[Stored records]
————

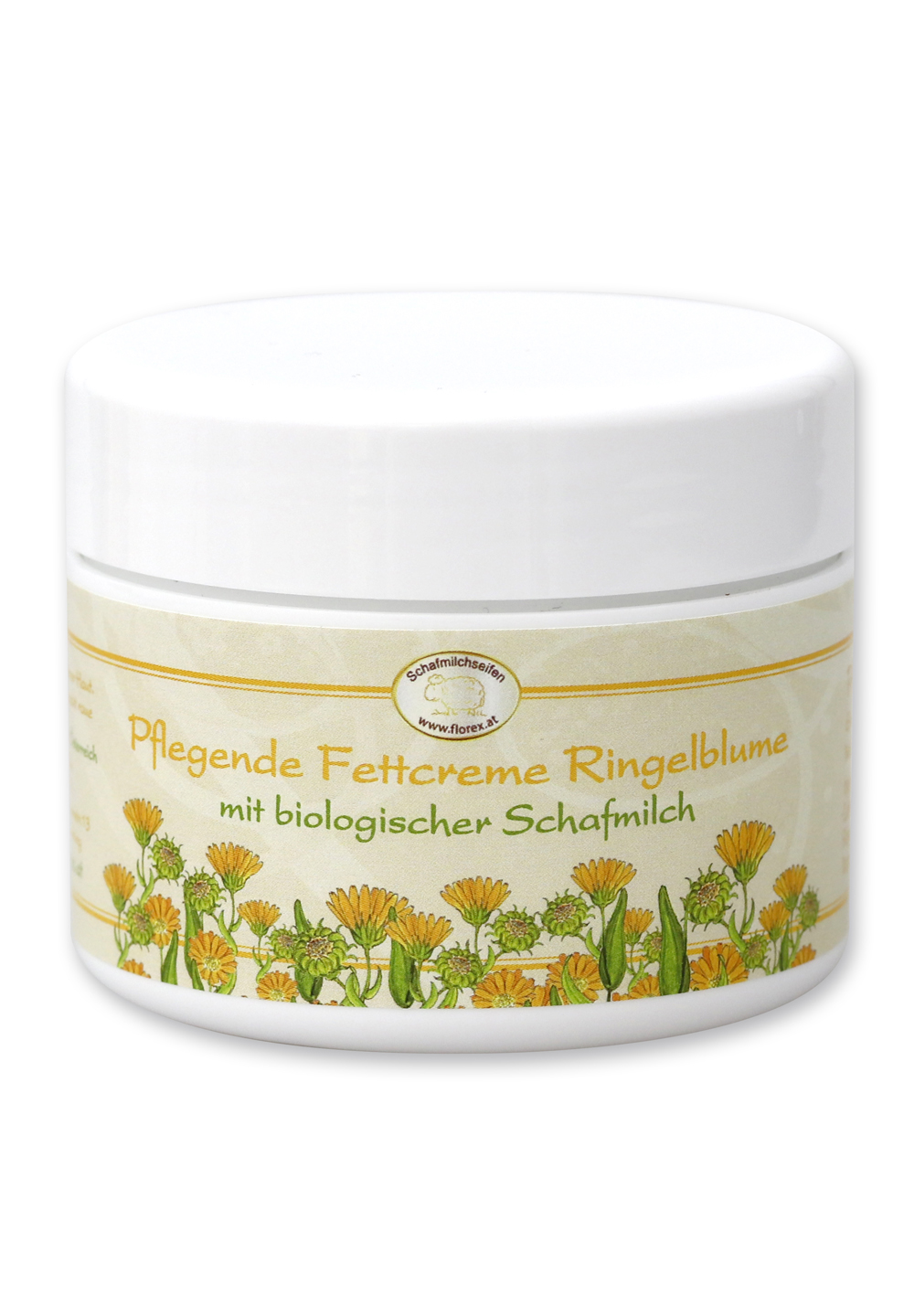 Fettcreme mit Ringelblume von Florex mit kostbaren Inhaltsstoffen. Zur täglichen Pflege bei extrem trockener Haut. Auch als Kälteschutz. Hergestellt nach einem traditionellen Hausrezept. Hervorragende Creme zur Hautpflege mit erlesenen Inhaltsstoffen. Das enthaltene Ringelblumenöl wirkt regenerierend und macht raue Haut widerstandsfähig. Ideal geeignet bei extrem trockener Haut. Das enthaltene Ringelblumenöl wirkt regenerierend und macht raue Haut widerstandsfähig. Mit Bienenwachs, Lanolin und Ringelblumenextrakt. Mit biologischer Schafmilch aus Österreich.
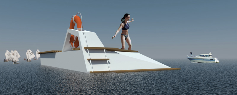 Als Prototypen aber schlugen die Architekten um Daniel Schwabe einen Badeponton vor, der aus eben demselben oben genannten WKNFK Sandwich besteht. Der Ponton ist natürlich architektonisch weniger komplex als das vorgestellte Hausboot kann aber teilweise mit dem Preisgeld finanziert werden, welches die Gruppe mit einem ersten Platz in der Kategorie Berufstätige mit nach Hause nahm.
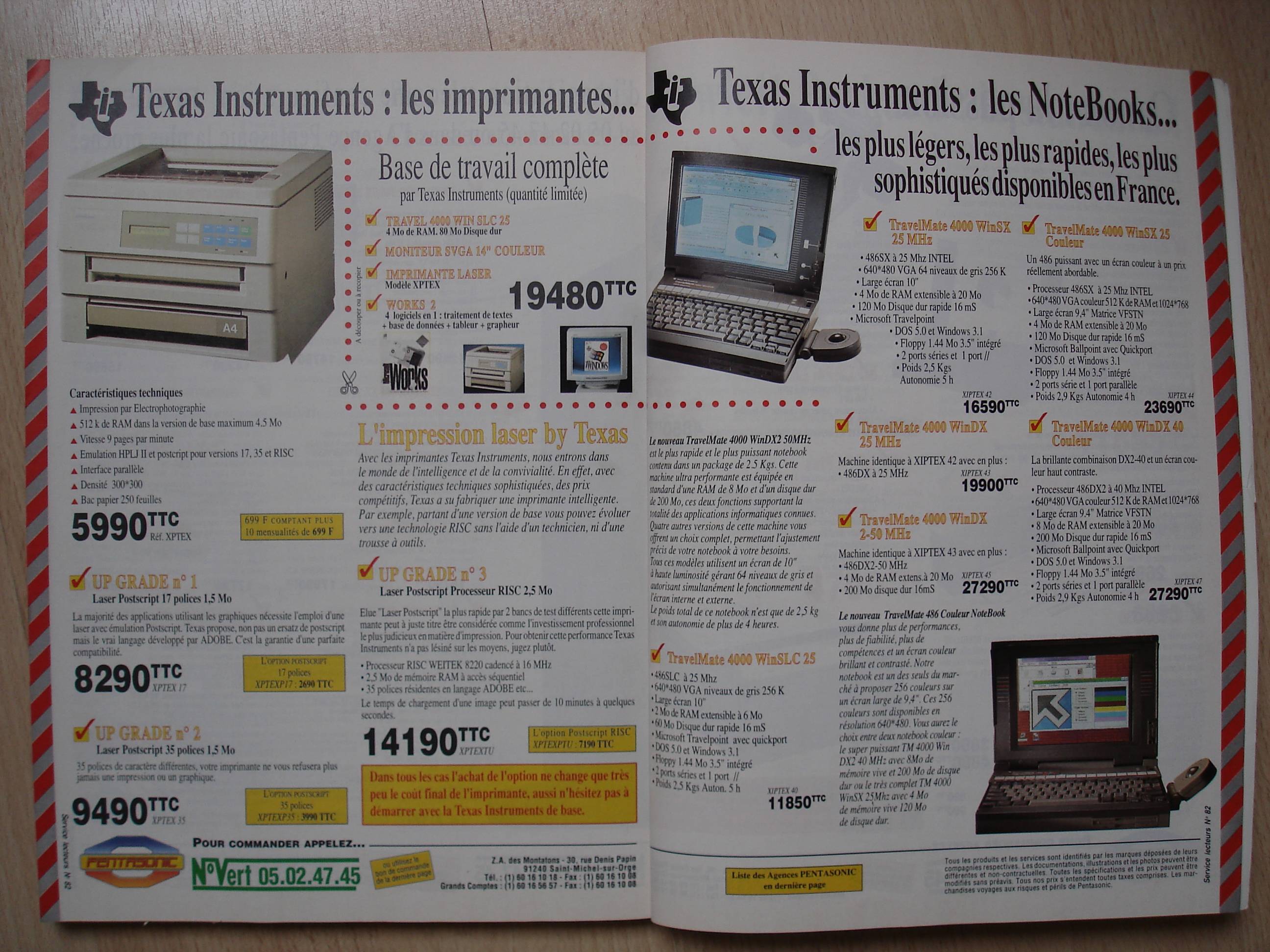 Toshiba 1910 CS, 8 Mo de Ram 486SX33 et un disque de 1.2 Go qui fonctionne avec un boot manager spécifique car la machine n'accepte pas de disque supérieur à 500Mo le tout sous Windows 95. L'écran, 640X480, est une matrice passive vraiment pas terrible ::cry: . Le seul avantage par rapport au 4400SXC c'est la présence d'un port PCMCIA.
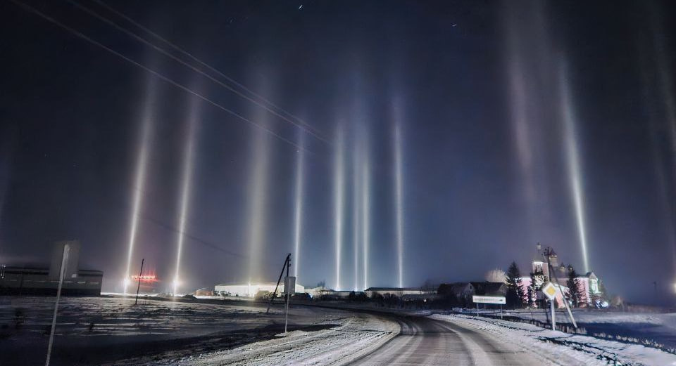 Вечером 23 января жители Курска и Мантуровского района стали свидетелями редкого атмосферного явления - световых столбов. Это зрелище возникает, когда свет от фонарей, уличных огней или других источников отражается от плоских граней ледяных кристаллов, парящих в воздухе при сильном морозе.
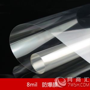 8MIL 安全防爆膜 8MIL防爆膜的主要功能: 1、透明防爆 2、阿布气压表防爆增强美观 3、贴家具电器起到保护的作用 应用范围: 浴室客厅推拉门、家里有小孩的窗户玻璃、柜子镜子!高级住宅、别墅、大型商场、珠宝店、临街店面、机场、车站、码头、幼儿园、学校、银行玻璃安全必备! 总之安全防爆膜的作用还是很广的,只要细心的人就会发现其实生活中很多地方都用到了。 参数: 8mil: 产品厚度 8mil(50 micron)

————

[Brief]
Begin at the first line of the records. Print every line through the one containing "Als Prototypen aber" exactly, but skip the pictures.

[Task solution]
 Fettcreme mit Ringelblume von Florex mit kostbaren Inhaltsstoffen. Zur täglichen Pflege bei extrem trockener Haut. Auch als Kälteschutz. Hergestellt nach einem traditionellen Hausrezept. Hervorragende Creme zur Hautpflege mit erlesenen Inhaltsstoffen. Das enthaltene Ringelblumenöl wirkt regenerierend und macht raue Haut widerstandsfähig. Ideal geeignet bei extrem trockener Haut. Das enthaltene Ringelblumenöl wirkt regenerierend und macht raue Haut widerstandsfähig. Mit Bienenwachs, Lanolin und Ringelblumenextrakt. Mit biologischer Schafmilch aus Österreich.
 Als Prototypen aber schlugen die Architekten um Daniel Schwabe einen Badeponton vor, der aus eben demselben oben genannten WKNFK Sandwich besteht. Der Ponton ist natürlich architektonisch weniger komplex als das vorgestellte Hausboot kann aber teilweise mit dem Preisgeld finanziert werden, welches die Gruppe mit einem ersten Platz in der Kategorie Berufstätige mit nach Hause nahm.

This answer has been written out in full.